Approximately 28 million Americans live with Type 2 diabetes, a condition characterized by high blood sugar levels.  The immune system plays a part in type 2 diabetes. Researchers have linked insulin resistance to high levels of cytokines, which are released in response to inflammation in the body.  The immune system’s response to inflammation leads to fat cells being unable to respond well to insulin and sees the fat cells releasing fatty acids into the blood, leading to higher than normal levels of cholesterol.  It has long been known that if the patient has diabetes, is at risk of diabetes, or has a family history of diabetes one of the first symptoms to show is enlargement of lymph nodes, the lymphatic system is a major part of the immune system.

However, there is still much that is unknown as to how diabetes effects the body’s lymphatic vessels. Now, a study from University of Missouri researchers has identified for the first time how the condition affects lymphatic vessels, a breakthrough that could lay the groundwork for new therapies to improve the lives of people with Type 2 diabetes.  The opensource study is published in the journal Cardiovascular Research.

Previous studies show that the lymphatic system’s primary role is to transport lymph, a clear fluid that contains white blood cells that help rid the body of antigens, to lymph nodes where immune responses are activated. The current study shows for the first time that when individuals have Type 2 diabetes, the walls of their lymphatic vessels are defective and become increasingly permeable, or leaky.

The team likens the permeability of a healthy lymphatic vessel to a porous garden hose, which is designed to allow water to escape through small holes in the hose. However, they explain that a lymphatic vessel in a person with Type 2 diabetes is like a porous garden hose that has been drilled with large holes, letting too much water escape. The results show that when the lymphatic vessel is too permeable, lymph and antigens are not transported to the lymph nodes.

Studying lymphatic vessel function in animals has been a challenge for researchers, because unlike blood vessels, lymph vessels are clear and appear almost invisible. However, the researchers developed a new investigative method to measure lymphatic vessel permeability and found that the vessels in Type 2 diabetes produced nitric oxide levels much lower than healthy lymphatic vessels.

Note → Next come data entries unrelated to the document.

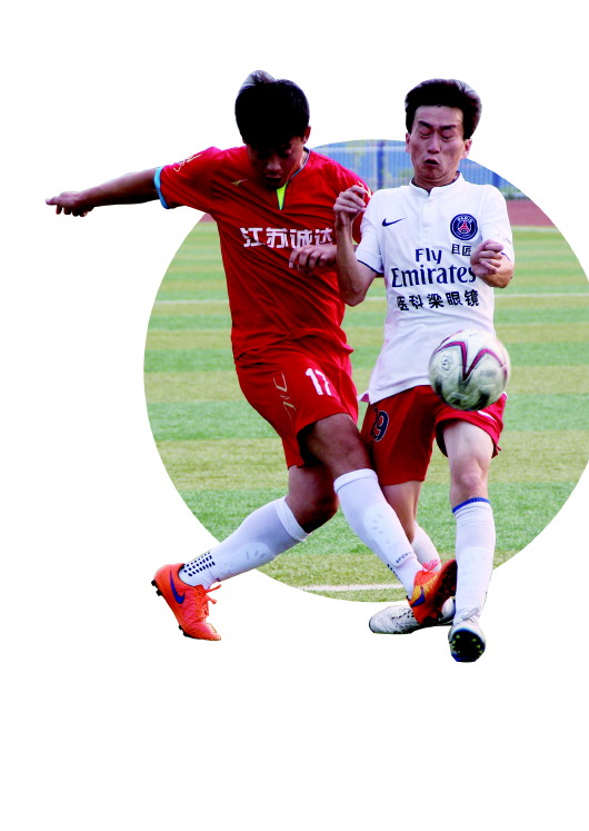 ◥青年人和半岛蓝湾在球场上比拼。 本报记者 王领娣 摄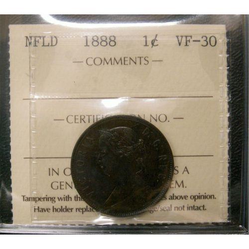NFLD 1888 1¢ ICCS VF-30, nice chocolate brown exa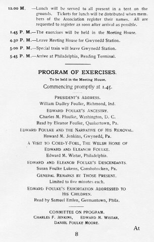 | A meeting was called by Howard M Jenkins in Philadelphia on 7 Jan 1898. A proposal to hold a reunion was made at this meeting and on the next meeting of 28 Jan 1898 the Association of Descendants of Edward and Eleanor Foulke was formed. The Chairman of the Association was Howard M Jenkins and he named William Dudley Foulke [ID2689] as President, Edward M Wistar, Treasurer and Frank Foulke as Secretary |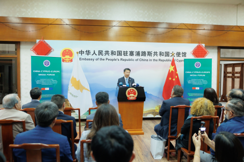 今天,我们相聚于此,共同见证中国—塞浦路斯—欧洲媒体论坛的隆重开幕。我谨代表中国驻塞使馆,对各位媒体、政府、高校、智库、企业代表的到来表示热烈欢迎!向论坛联合主办方、支持单位致以诚挚谢意!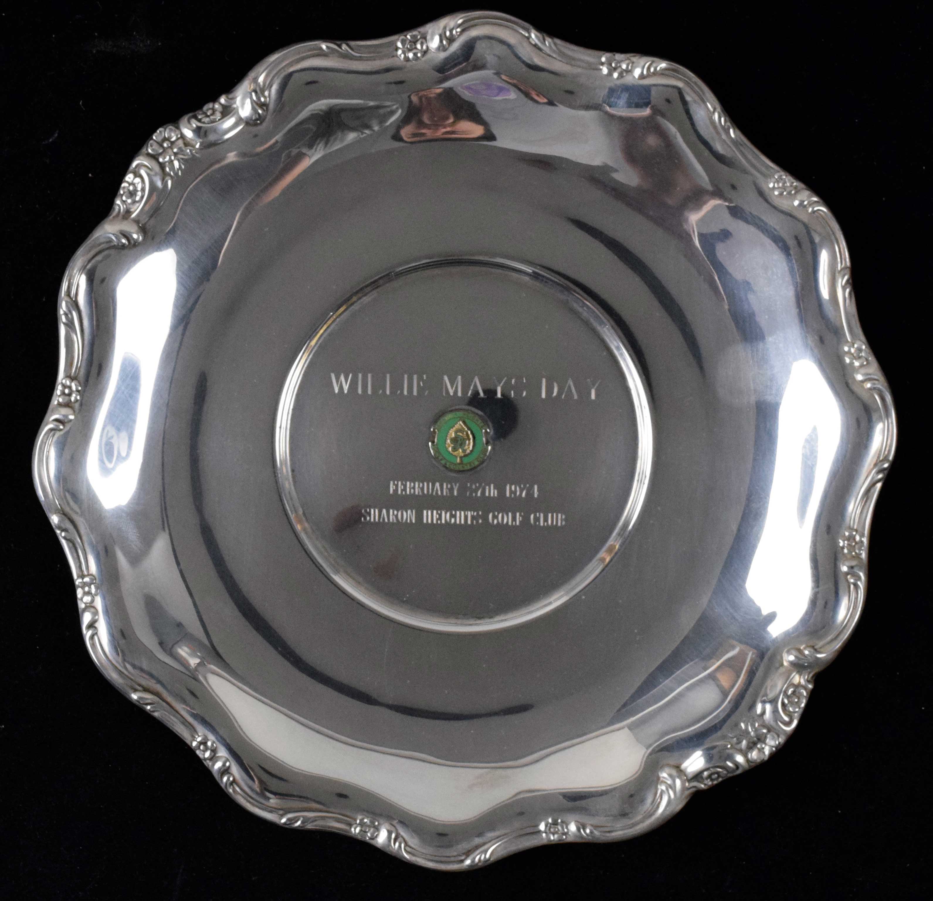 Description:1974 Willie Mays Sharon Hills Golf Club sterling silver award plate. Sterling silver presentational plate engraved to Willie Mays with the Sharon Hill Golf Club insignia embossed at center Marked with Reed & Barton hallmark on the back along with "Sterling Silver" having a total weight of 10.7 ounces. 10" diameter. Includes certificate of provenance from the Willie Mays Collection: EX

The results showed that when an individual has Type 2 diabetes, cells in the lymphatic vessels aren’t producing enough nitric oxide, which is essential to maintaining the integrity of their endothelial layer so that they function properly. The researchers found that by giving the lymphatic vessels L-arginine, an amino acid commonly found in red meat, poultry, dairy products and nutritional supplements, they were able to boost their nitric oxide production and restore their ability to act as a barrier.

While more studies are needed, the lab  is hopeful the findings could lead to further research for developing new treatments or therapies for individuals with Type 2 diabetes.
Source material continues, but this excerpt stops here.